**Task statement**:
Each line, starting at the one with "O Sindicato dos" and running to the end of the data below, is to be set down again exactly, both ends included; leave pictures out.

**Data shown**:

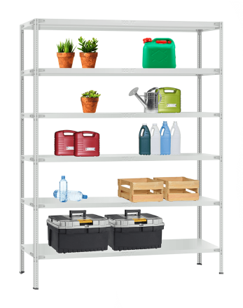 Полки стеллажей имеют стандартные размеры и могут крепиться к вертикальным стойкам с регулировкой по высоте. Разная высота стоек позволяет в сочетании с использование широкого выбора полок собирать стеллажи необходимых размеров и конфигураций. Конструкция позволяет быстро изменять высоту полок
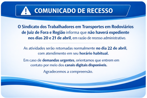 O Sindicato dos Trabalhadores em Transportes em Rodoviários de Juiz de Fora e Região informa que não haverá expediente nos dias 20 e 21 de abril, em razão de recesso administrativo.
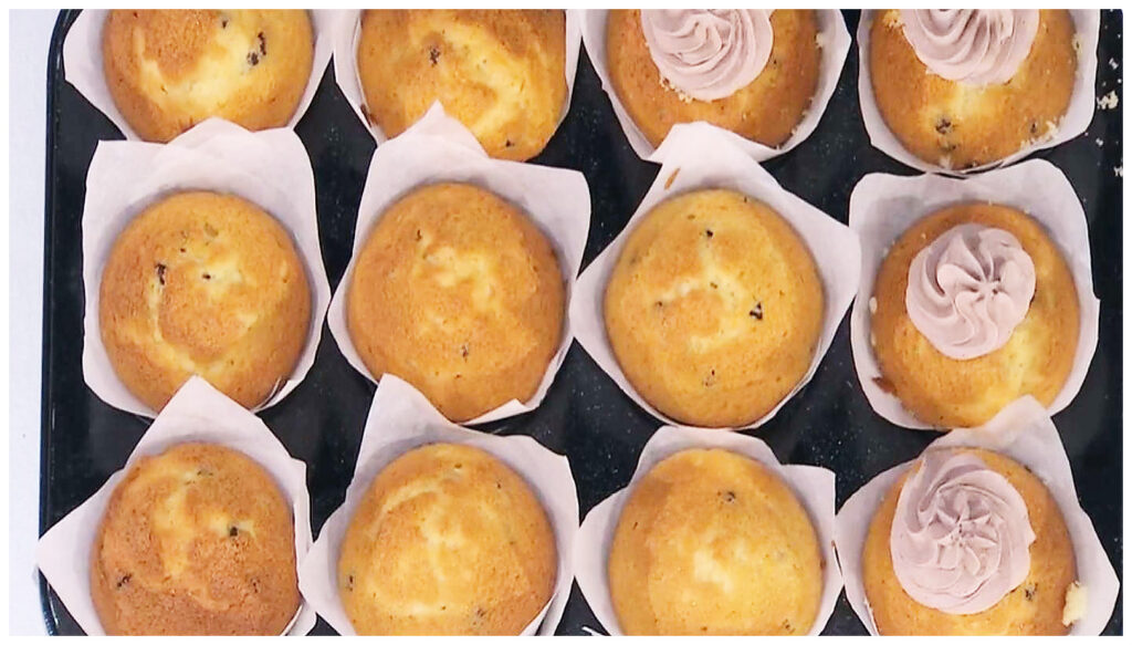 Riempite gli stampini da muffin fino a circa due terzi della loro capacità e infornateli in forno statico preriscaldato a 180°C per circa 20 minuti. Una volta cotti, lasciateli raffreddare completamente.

**Solution to the problem**:
 O Sindicato dos Trabalhadores em Transportes em Rodoviários de Juiz de Fora e Região informa que não haverá expediente nos dias 20 e 21 de abril, em razão de recesso administrativo.
 Riempite gli stampini da muffin fino a circa due terzi della loro capacità e infornateli in forno statico preriscaldato a 180°C per circa 20 minuti. Una volta cotti, lasciateli raffreddare completamente.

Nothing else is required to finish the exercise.